Это оказался Али-Баба, и мне тут же стало стыдно за свою радость: нашел время скакать и резвиться, когда мой товарищ потерял все и чуть жив от горя. Однако могло быть и хуже. Я бы почувствовал еще большую вину, если бы Али вошел, когда я обнимал Ху Шенг. Я шагнул к нему, крепко схватил за руку и втянул его в комнату, бормоча одновременно слова приветствия, соболезнования и дружеского участия. Выглядел он ужасно: глаза покраснели от слез; огромный нос, казалось, обвис больше, чем обычно. Али судорожно сжимал руки, но это не помогало, и они продолжали дрожать.

— Марко, — произнес он дрожащим голосом. — Я только что побывал у придворного похоронных дел мастера, собираясь в последний раз взглянуть на мою дорогую Мар-Джану. Но он сказал, что среди тех, кого он должен проводить в мир иной, такого человека нет!

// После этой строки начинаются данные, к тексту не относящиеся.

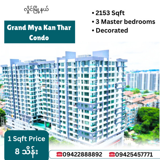 အိမ်ခြံမြေ အမည် : လှိုင်မြို့နယ် ၊ Grand Mya Kan Thar Condo (2153 Sqft)For Sale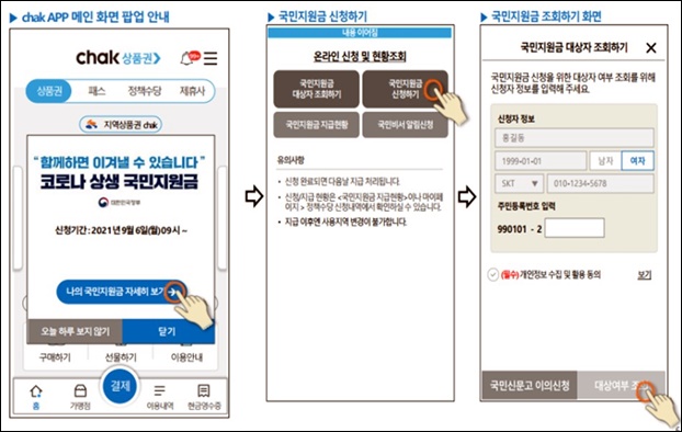 Ä«µå¡¤¸ð¹ÙÀÏ ¹æ½Ä ±Ý»ê»ç¶û»óǰ±ÇÀÇ °æ¿ì ¡®Áö¿ª»óǰ±Ç chak¡¯ ¾Û¿¡¼ ½ÅûÇÒ ¼ö ÀÖÀ¸¸ç ´ÙÀ½³¯ Áö±ÞµÅ ¹Ù·Î »ç¿ëÇÒ ¼ö ÀÖ´Ù. ¶ÇÇÑ ¾ÛÀ» ÅëÇØ Áö¿ø±Ý ´ë»óÀÚ Á¶È¸, ½Åû, Áö±ÞÇöȲ ¹× »ç¿ë ¾Ë¸²¼ºñ½ºµµ Á¦°øÇÑ´Ù.

Я должен был это предвидеть и уберечь Али от тягостного путаного объяснения. Я знал, что казненные преступники не поступали к похоронных дел мастеру, Ласкатель сам хоронил их без всякого таинства или церемонии. Но я ничего не сказал другу об этом, только произнес, успокаивая его:

— Без сомнения, произошла какая-то путаница, вызванная суматохой из-за возвращения двора из Шанду.

— Путаница, — пробормотал Али, — я вообще ничего не понимаю и запутываюсь все больше и больше.

— Предоставь это мне, приятель. Я все сделаю как надо. Кстати, в тот момент, когда ты пришел, я как раз и думал об этом. Я уже начал многочисленные приготовления, относящиеся к нашему делу.

— Но подожди, Марко. Ты обещал, что расскажешь мне… все о том, как и почему она умерла….

— Я расскажу, Али. Как только выполню одно поручение. Это срочно, но не займет много времени. Ты бы отдохнул пока здесь, а я попрошу моих дам уделить тебе внимание. — Служанкам я сказал: — Приготовьте для него горячую ванну, натрите моего друга бальзамом. Принесите еды и питья. Любого питья и столько, сколько он попросит. — Я бросился было к двери, но тут кое о чем вспомнил и приказал самым суровым образом: — Не пускайте никого в эти покои, пока я не вернусь.